In Richard Thaler’s book ‘Nudging & Behavioural Economics’, he popularised the nudge theory. It reveals ways to influence behaviour and decisions made by groups and individuals. In other words, an individual is more likely to decide something when nudged simply by altering the environment so that automatic cognitive processes are triggered to favour the desired outcome.
Sille Krukow, the founder of Krukow, a company that provides behavioural design, nudge and behavioural optimisation, says, “Only 10% of human decision making is based on rational evaluation”. Krukow explains that “Translating what we know is the right thing to do into true behavioural change requires an extraordinary amount of energy, which is why 90% of decision making is driven by a subconscious or automatic system.”
How can nudge theory help your people?
Within the workplace, a nudge can simply help your people to make better decisions more quickly. Therefore, bringing about positive change more effectively. Subsequently, your team may have higher levels of employee engagement, employee wellbeing and better employee relations. Therefore, leading to a healthier work environment.
The most well-known example of the nudge theory is when Amsterdam’s Schiphol airport painted a house fly on their urinals. A small detail that worked extremely effectively against unwanted mess by 80%.
Looking further into the workplace, Google reported a reduction in employees’ collective calorie count by three million simply by placing healthy foods in more visible and accessible locations in the employee dining room.

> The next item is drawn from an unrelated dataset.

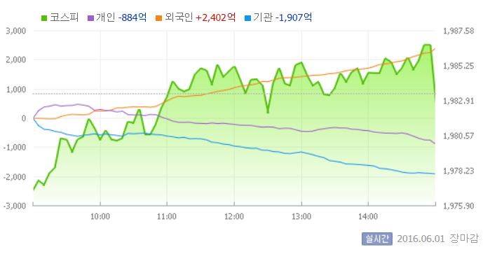이날 코스피는 전일대비 0.33% 하락한 1976.87에 장을 시작했다. 이후 지수는 기관의 매도 공세에 1980선 부근에서 하락세를 지속했다.

Are there any negatives to the theory?
The nudge theory may be simple to implement. However, it can be ineffective and even backfire. Similar to other modern theory, The nudge theory has its sceptics. Many believe that it is a form of brainwashing or coercing individuals into tasks they do not want to do.

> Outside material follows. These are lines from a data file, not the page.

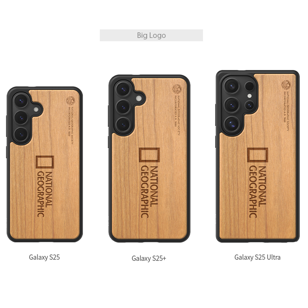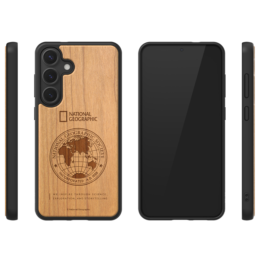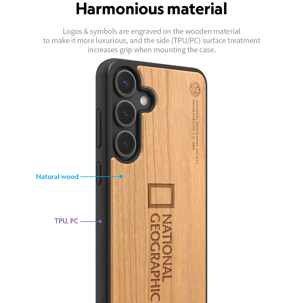 Nat Geo Galaxy S25 Back Cover Case | Nature Wood Case V3 (Big Logo & Global Seal) - Cherrywood
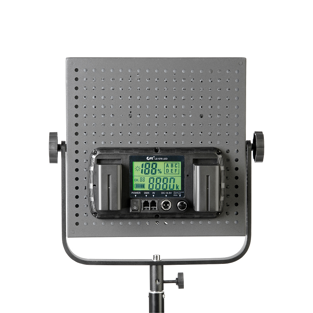 Falcon Eyes LE-900 LED - доступное решение для освещения съемочной сцены, обладающее полным функционалом старших моделей – регулировка цветовой температуры, DMX-управление, большой ЖК-дисплей, 4-лепестковые шторки, возможность питания от аккумуляторов серии NP-F, а также комплектуется пультом дистанционного управления.
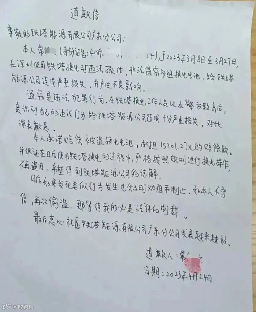 亲笔手写了道歉信

To avoid negative impacts, it is essential to remember to only use a nudge to steer helpful behaviour and protect freedom of choice. In addition, they should not push individuals into an unwanted position or be a form of punishment. In other words, perks at work such as an employee of the month could help nudge your people into more proactive behaviours. However, this may not work for those who work differently, so it is critical to think ahead.
To conclude, the nudge theory should aim to improve the workplace and help your team create positive change overall. With a successful rewards and recognition scheme, you could promote your team’s wellbeing, productivity and growth.